What a wonderful post by David Powlison over on the Between Two Worlds blog. Moves me toward words of gentleness and courage.

(The blog's link to the Mad TV sketch didn't work when I tried it, but you can see it here.)

04 November 2007

Sissies and the gospel

I have just commented on Denny Burk's blog, as he has been following John Piper's comments about women in combat. But I have a few more words to say than merely those. Here they are.

Whether or not Piper has appropriately made application of biblical manhood and womanhood to military combat, I do not quite know. But surely a man can be redeemed and indeed enact robust biblical manhood without taking up as his cause the issue of women in combat. Surely a man can be redeemed and enact robust biblical manhood while still pausing at the sound of an intruder because his black-belt wife could be a great helper when meeting that danger. Does such a man need to be called names by a humble and powerful preacher who frankly has bigger fish to fry?

I recall Myles telling me that Piper preached at Glorieta about how ridiculous he had thought an American couple who proudly celebrated their plans to retire and travel around the country in their RV to follow butterfly migrations. Such a thing would be marvelous to watch, and the journey would inspire much worship in the retirees, but Piper boldly declaimed that as a lifelong goal when the time and money required to do such could be used in much more specific gospel-promoting and Jesus-honoring ways.

So reading Piper's comments about wimps, focused on such a temporal issue as women in combat, makes me grimace. Even if we grant that the issue reflects a deeper heart issue, and even if we grant that the deeper heart issue is central to the gospel, name-calling seems ill-advised. And, as I say, I'm not sure I want to grant those other things.

Heaven forbid that my husband would think it more important to keep women out of combat than to love orphans. Or even to give a barbaric yawp of manhood when danger enters our front door than to extend the lovingkindness of undeserved forgiveness to that danger-bearing intruder.

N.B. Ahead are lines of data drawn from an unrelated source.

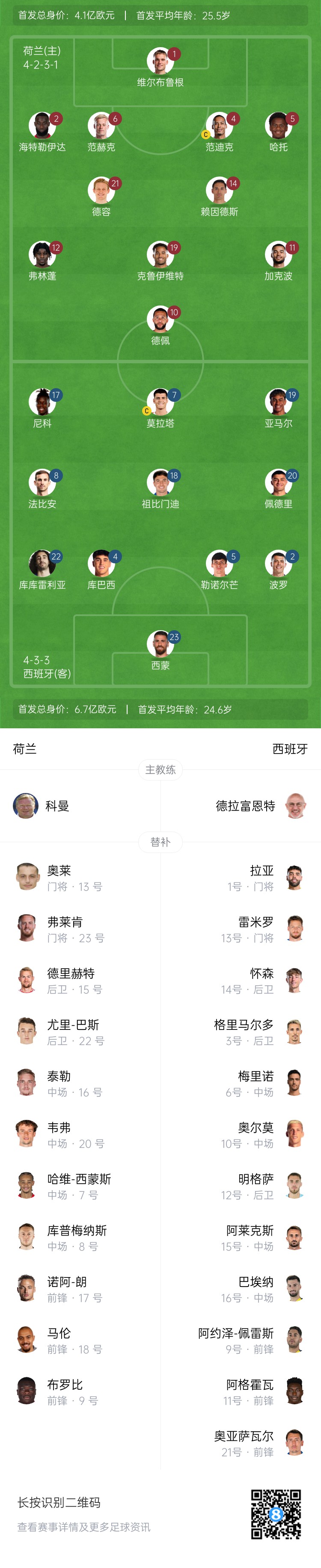 荷蘭替補:13-奧萊、23-弗萊肯、7-哈維-西蒙斯、8-庫普梅納斯、9-布羅比、15-德里赫特、16-泰勒、17-諾阿-朗、18-馬倫、20-韋弗、22-巴斯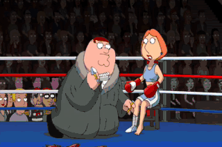 My idiot husband here booked this match without my knowledge... (BELL DINGS) PETER: She's from the Ukraine, Lois! She doesn't speak English!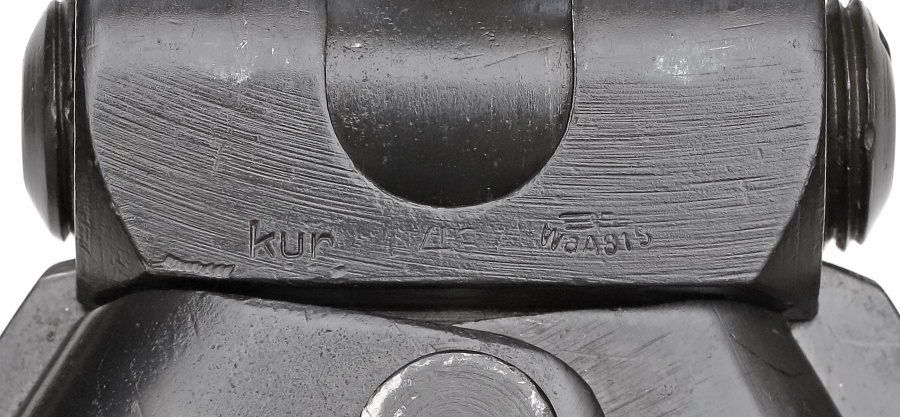 こちらは1943年にシュタイヤー社で製造されたMG42用の2脚。脚はMG34用の部品を流用しており、2脚収納時の固定金具を通す四角い穴がそのまま残っている。
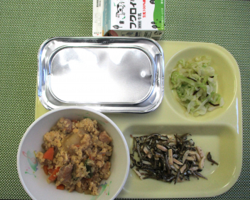 ごはん 牛乳 親子煮 アーモンド入り煮干しの素揚げ キャベツの即席漬け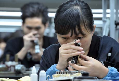 廣州市番禺區(qū)的400多家珠寶玉石企業(yè)為應(yīng)對(duì)金融危機(jī)給出口帶來的沖擊,積極開拓國(guó)內(nèi)市場(chǎng)。2008年,番禺珠寶外銷總額13億美元,同比增長(zhǎng)6.47%,而內(nèi)銷同比增長(zhǎng)70%。圖為廣州番禺珠寶產(chǎn)業(yè)發(fā)展中心一家珠寶企業(yè)的員工在車間工作。

Not that Piper would state such a preference either. Or that I would hold Micah back if he wanted to pummel an intruder. Or that he would ever pause with wonder if he or I should go, since his wife, unlike a certain martial artist I know (Cherish), will likely never have any sufficient skills to thwart any such danger.

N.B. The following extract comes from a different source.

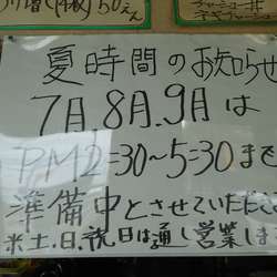 7月、8月、9月はPМ2:30~5:30まで準備中とさせていただきます。

My problem, then, is not with the complementarianism, nor with the underlying intent. Rather, my problem is with Piper's tone, which smacks of merely chauvinistic gender politics.

Having profited from so much of his teaching and writing, I gladly grant that he undoubtedly has sincere affection for our Lord's divine hierarchy at heart. And the cultural weakness of our men and women fairly in mind as well. But, please. These remarks are invitations to lambasting, along with unfair and out-of-context quotations that could put a shadow over his entire ministry. And that seems absurd.